Where a line below holds the string "هتلر", copy that line.

▸ **PROVIDED MATERIAL**
┄┄┄┄┄┄┄┄┄┄
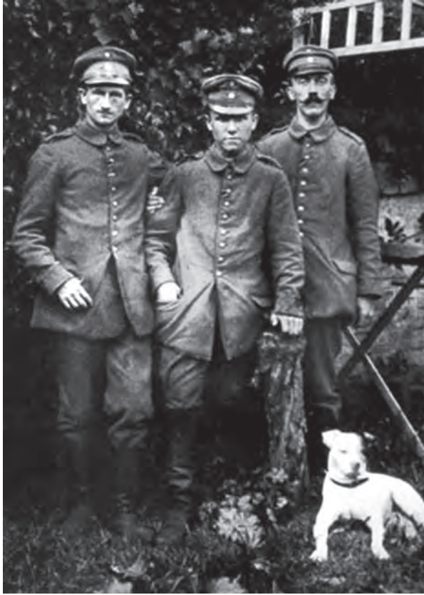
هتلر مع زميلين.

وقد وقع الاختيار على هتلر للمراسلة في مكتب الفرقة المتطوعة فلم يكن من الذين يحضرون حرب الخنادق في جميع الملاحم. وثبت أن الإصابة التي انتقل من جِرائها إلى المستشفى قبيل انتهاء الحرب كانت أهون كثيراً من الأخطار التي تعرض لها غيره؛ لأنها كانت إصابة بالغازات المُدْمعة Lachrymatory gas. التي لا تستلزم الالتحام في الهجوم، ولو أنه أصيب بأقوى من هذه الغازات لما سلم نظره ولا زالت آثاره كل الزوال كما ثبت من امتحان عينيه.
┄┄┄┄┄┄┄┄┄┄
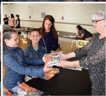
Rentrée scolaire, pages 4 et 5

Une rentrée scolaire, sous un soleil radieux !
┄┄┄┄┄┄┄┄┄┄
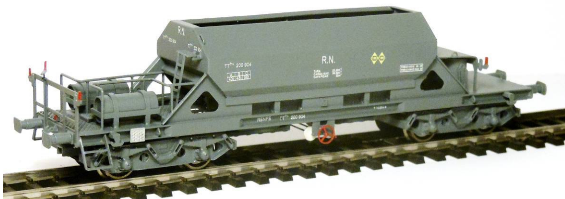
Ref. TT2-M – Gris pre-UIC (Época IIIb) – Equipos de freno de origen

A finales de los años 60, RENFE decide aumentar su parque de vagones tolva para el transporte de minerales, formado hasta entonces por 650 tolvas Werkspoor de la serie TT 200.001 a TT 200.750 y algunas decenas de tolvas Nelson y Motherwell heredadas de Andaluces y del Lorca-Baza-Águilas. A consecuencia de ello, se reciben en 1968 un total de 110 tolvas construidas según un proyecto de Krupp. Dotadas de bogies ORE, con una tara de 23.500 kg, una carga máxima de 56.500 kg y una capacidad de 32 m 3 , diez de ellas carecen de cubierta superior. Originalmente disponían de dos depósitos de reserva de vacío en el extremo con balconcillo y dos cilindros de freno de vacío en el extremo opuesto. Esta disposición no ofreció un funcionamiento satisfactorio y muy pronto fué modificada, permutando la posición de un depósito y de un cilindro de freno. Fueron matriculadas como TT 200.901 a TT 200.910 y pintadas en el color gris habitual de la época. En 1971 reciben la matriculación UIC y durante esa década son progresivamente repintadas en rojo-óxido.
┄┄┄┄┄┄┄┄┄┄
▸ **TASK SOLUTION**
هتلر مع زميلين.
وقد وقع الاختيار على هتلر للمراسلة في مكتب الفرقة المتطوعة فلم يكن من الذين يحضرون حرب الخنادق في جميع الملاحم. وثبت أن الإصابة التي انتقل من جِرائها إلى المستشفى قبيل انتهاء الحرب كانت أهون كثيراً من الأخطار التي تعرض لها غيره؛ لأنها كانت إصابة بالغازات المُدْمعة Lachrymatory gas. التي لا تستلزم الالتحام في الهجوم، ولو أنه أصيب بأقوى من هذه الغازات لما سلم نظره ولا زالت آثاره كل الزوال كما ثبت من امتحان عينيه.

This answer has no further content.